Here is what Russia has recently said in the last week – it’s really signals a change in strategy to fix oil markets. This is why we wrote this blog, in particular the monetization comment that is the clearest signal that Russia believes peak oil demand is coming sooner than expected. Russia’s messaging is that Net Zero is impacting peak oil demand, it won’t happen by 2050, its priority is to restore its production even if oil prices go lower to $45 (they normally refer to Brent), and don’t want others to restore production ahead of them. Russia’s specific comments on oil are often overlooked because most reporting doesn’t go back to the original source reporting. Thanks to Google Translate, it is easy to go TASS Russian news site and search on новак (Novak in English) and find stories. If you compare stories, TASS reports in Russian first, and then normally does a shortened version for their English site. And in some cases, like the critical second story below on monetization, TASS won’t put up an English version. This story was overlooked. We try to go to original reporting where possible and not just write an western news recap of the TASS English story that is a recap of the TASS Russian story.

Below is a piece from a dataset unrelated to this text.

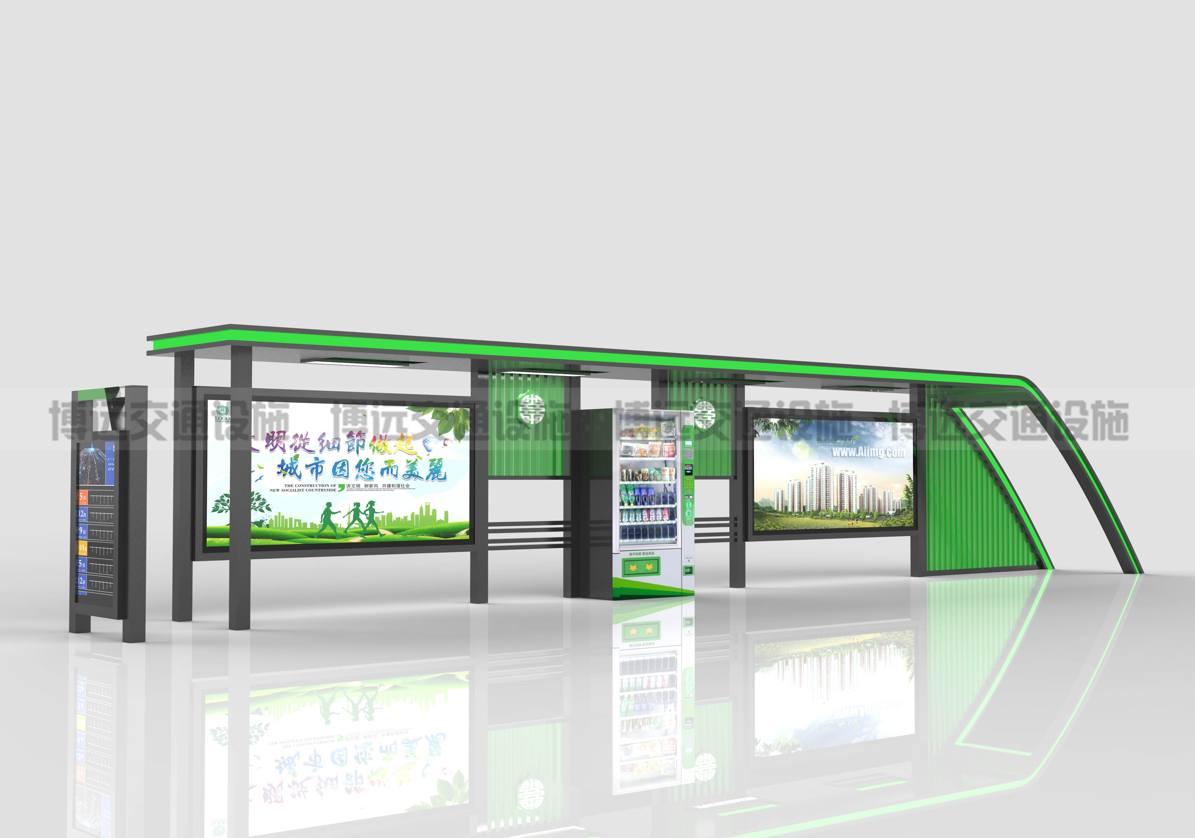 公交車站候車亭的規(guī)劃風(fēng)格,體現(xiàn)了年代在不斷發(fā)展改進(jìn)的目標(biāo),好的產(chǎn)品會(huì)更好的呈現(xiàn)在咱們的視界中,相信在未來(lái)候車亭規(guī)劃會(huì)愈加的智能化、人性化。

Dec 21. Near term reduction in demand from the new UK variant and oil demand recovery to take 2-3 yrs. TASS reporting [LINK] quoting Novak ““Over these two days, the situation, in my opinion, has changed, it is changing quite actively. Serious lockdowns have now been introduced regarding travel to the UK. A new strain of coronavirus has appeared, and this has influenced, among other things, the fact that we are we see a significant correction in oil prices. Two days ago we did not see this yet.” “The market recovery will be slower than initially expected. And therefore our forecasts for the market are changing. Many experts say that it could take about two years. Two or three years, perhaps.” “ Of course, today’s levels of reduction are unprecedented. If four years ago we cut by 1.2 million b / d, and now by almost 10 million b / d, naturally, we are determined to quickly restore this production. we will not upset the market balance or create surpluses in the oil markets.”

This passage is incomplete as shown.